Devemos afirmar que o Partido travou uma luta séria contra os trotskistas, direitistas e nacionalistas burgueses, e que desarmou ideologicamente todos os inimigos do leninismo. Essa luta ideológica foi travada com sucesso, com o que o Partido se fortaleceu e temperou. Aqui, Stalin desempenhou um papel positivo. [7]

Slaughter em meados da década de 1950

Partidos stalinistas em crise

À medida que o texto do “discurso secreto” chegava à imprensa internacional e era traduzido em inúmeras línguas, as revelações de Khrushchev geravam ondas de choque nos partidos comunistas em todo o mundo. Os dirigentes de todos os principais partidos comunistas – muitos dos quais deviam suas posições a Stalin, endossaram entusiasticamente os julgamentos de Moscou e justificaram inúmeros outros crimes – foram repentinamente confrontados com uma onda de questionamentos dos militantes.

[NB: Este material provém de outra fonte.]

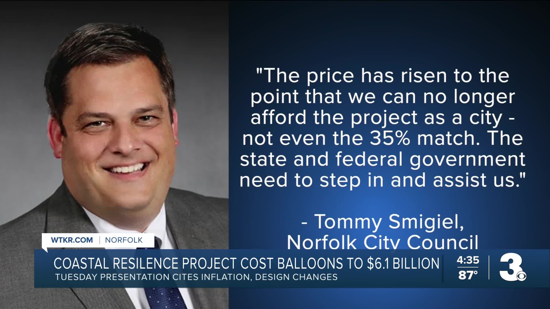 NORFOLK, Va. — During a presentation at a Tuesday Work Session, Norfolk's city council learned the estimated cost of a massive flood resilience project ballooned from $2.6 billion to $6.1 billion.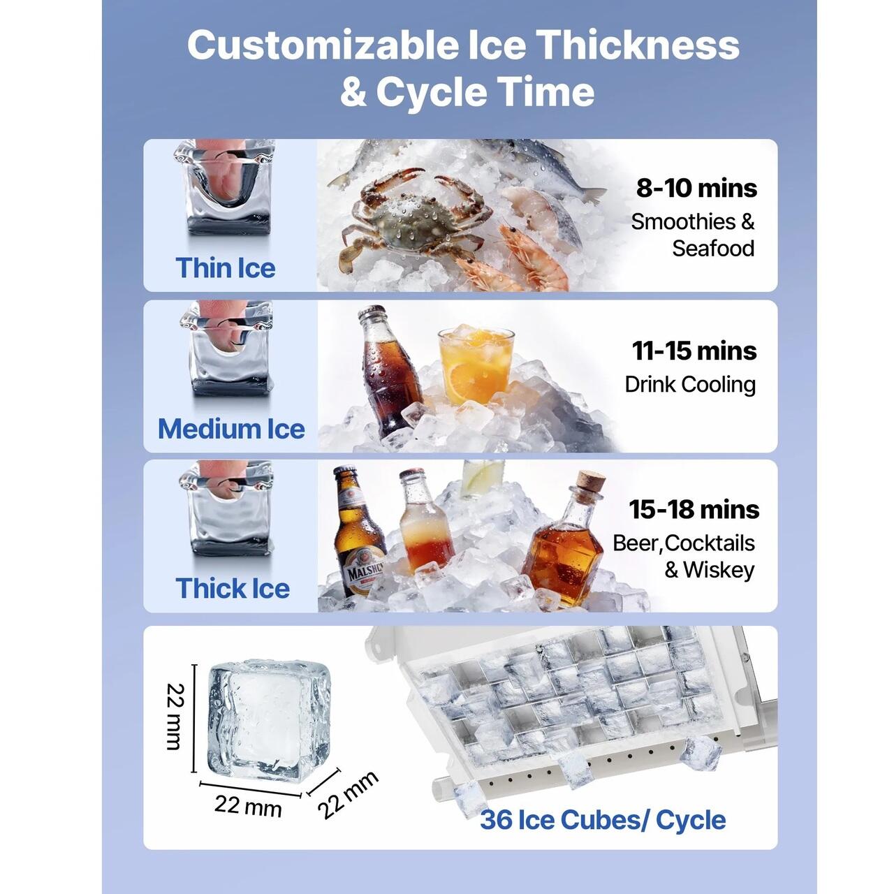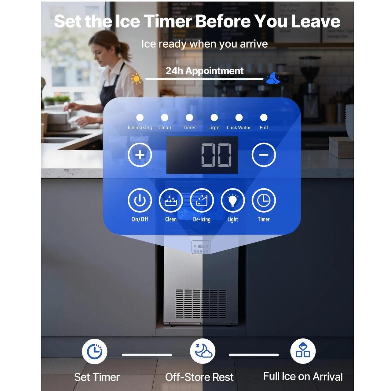 Control inteligent si utilizare usoara: Panoul LED arata temperatura ambientala si ofera grosime reglabila a ghetii, cronometru, curatare cu o singura atingere, plus alerte pentru nivel ridicat de gheata/nivel scazut de apa/eroare. Capac rabatabil pentru acces facil, cu o lingura durabila din otel inoxidabil inclusa.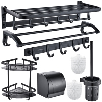 箭牌卫浴(ARROW)毛巾架 太空铝双层浴巾架 免打孔卫生间置物架 卫浴五金挂件套装 黑色挂件毛巾架三角篮挂衣钩浴室刷头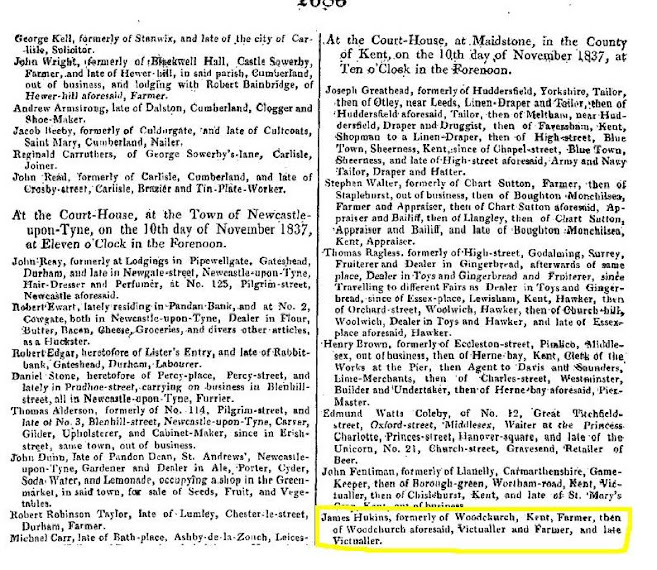 James was petitioning the Court for Relief of Insolvent Debtors. Interestingly, the article lists James as "formerly of Woodchurch", so it seems he had left the village, had given up running the inn, and appeared to be living in Maidstone, Kent at this time.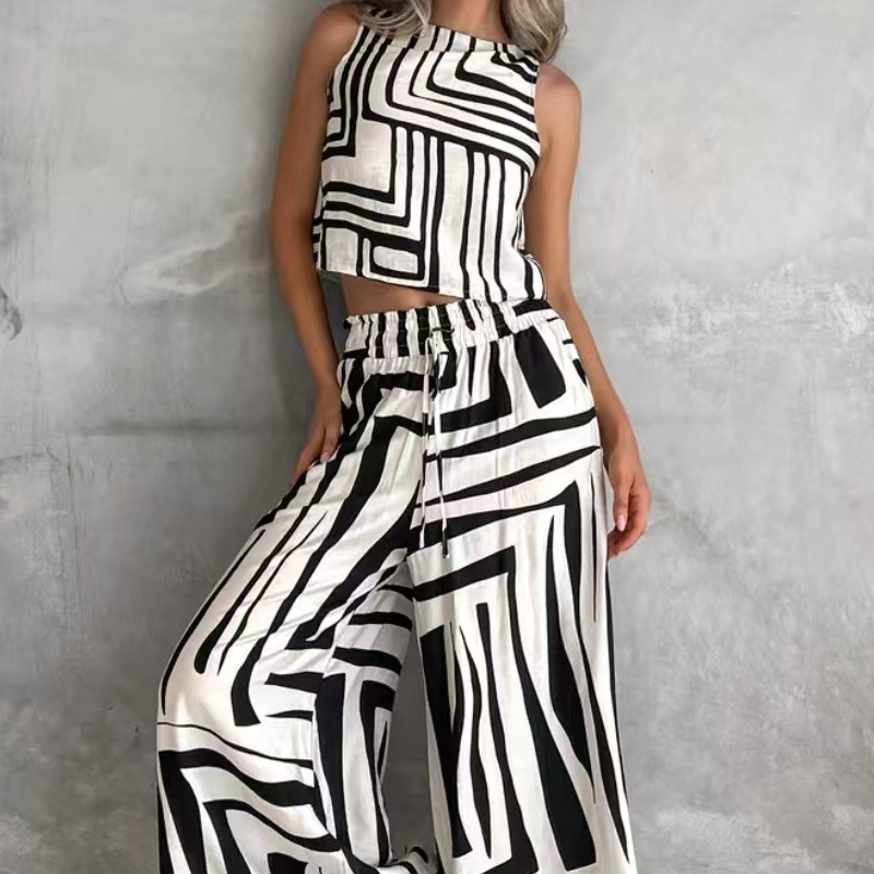 Package Includes: 1×Striped Sleeveless Top & Wide-Leg Pants Set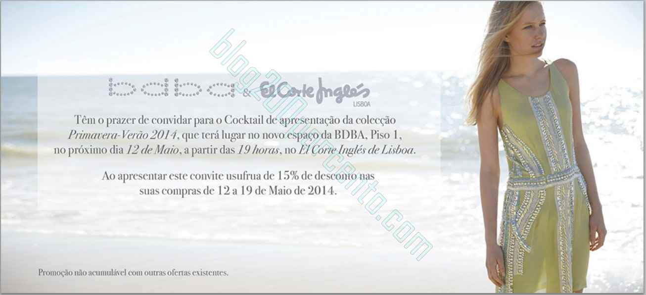 Convite com vale de 15% desconto | EL CORTE INGLÉS | dia 12 maio, a partir das 19 horas,
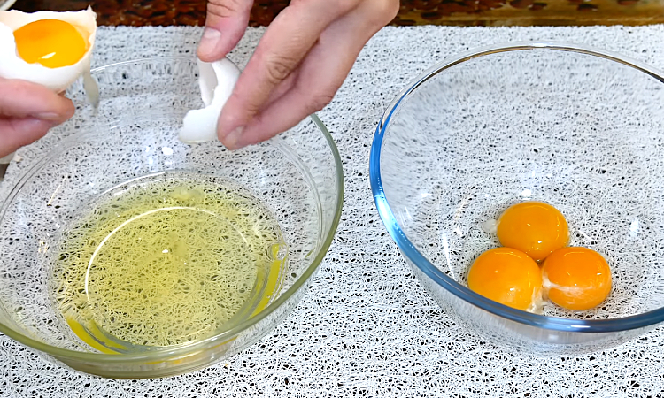 1. Отделите белки от желтков. Используйте чистую, сухую миску для белков — жир мешает взбиванию. Желтки переложите в отдельную миску среднего размера. Духовку разогрейте до 170 °C. Форму для выпечки (диаметром 20–22 см) застелите пергаментной бумагой, чтобы торт не прилип.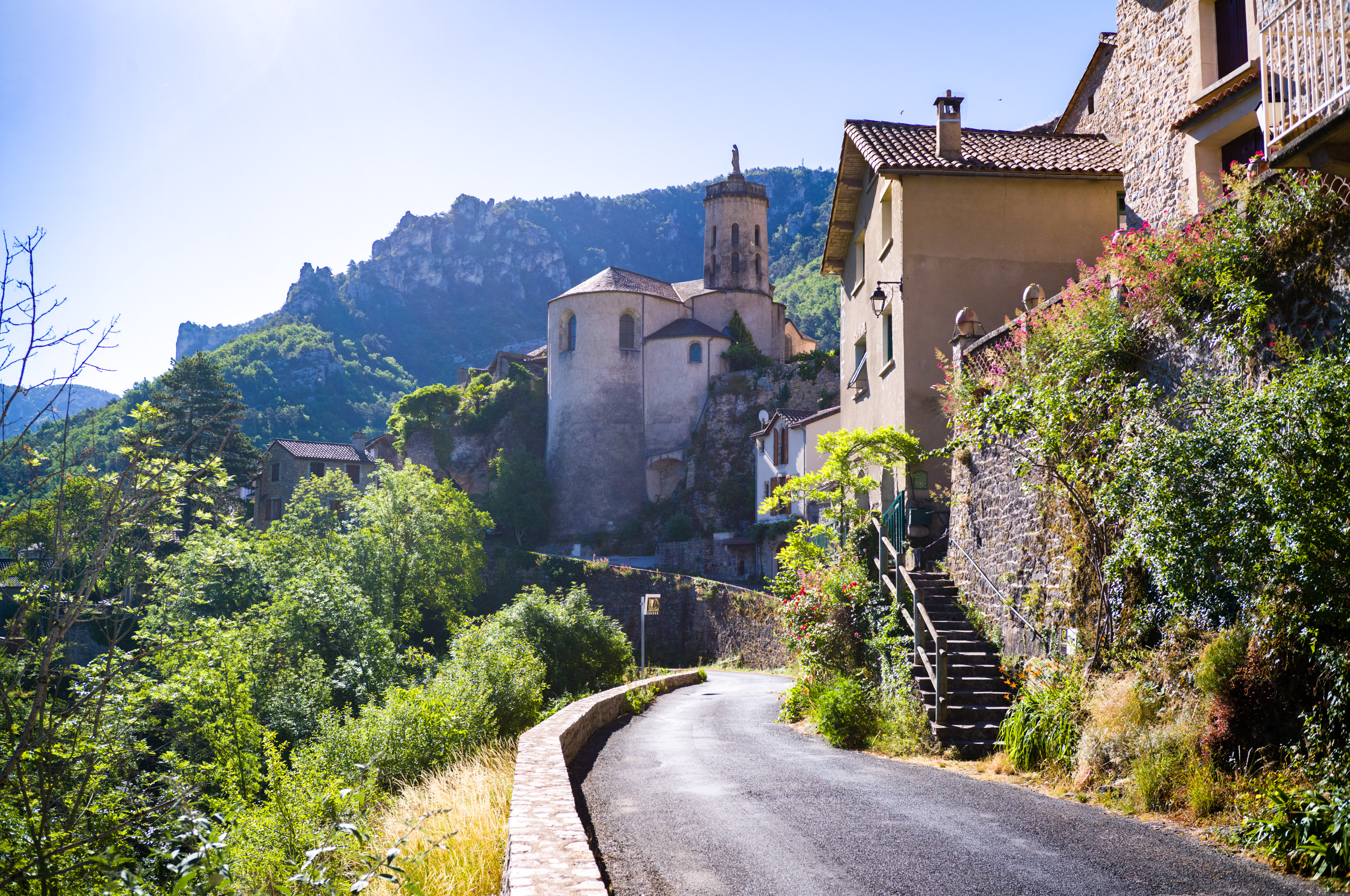 So machte ich diverse Touren durch die Täler und über die Hochebenen, den „Causses“ (die selbst gar nicht so eben sind, das geht immer so zwischen 900 und 1100 Meter Höhe hoch und runter). Ich startete immer morgens, wenn es noch kühl war und war nachmittags zurück, mehr oder weniger ausgepowert. Meist ruhte ich mich den Rest des Nachmittags aus und machte dann noch eine kleine Abendrunde auf dem E-Bike. Ja, richtig gelesen. E-Bike. Ideal, um sich die Beine zu lockern und ausserdem prima zum einkaufen am Ort und ein bisschen Sightseeing, wenn man nicht überall als Mamil (=Middle-aged man in Lycra) auftauchen will. Der Bulli kann stehen bleiben. Vor ein paar Jahren war meine Einstellung zu E-Bikes eher sarkastisch, aber inzwischen finde ich es als Verkehrsmittel sehr praktisch. Und hey: Jeder kann selbst entscheiden, wieviel „E“ er in Anspruch nimmt. Das kann auch ziemlich sportlich werden. Mein Cube mit dickem Akku und Bosch-Performance CX-Motor lässt jedenfalls alle Optionen offen.

Em todo o mundo, os chefes dos partidos comunistas – que haviam se comportado como pequenos Stalins em seus próprios países – estavam sendo chamados a prestar contas de sua responsabilidade pessoal pelo que o Kremlin agora chamava de “violações da legalidade revolucionária”. Por quanto tempo eles conscientemente enganaram os membros de seus próprios partidos nacionais com informações falsas?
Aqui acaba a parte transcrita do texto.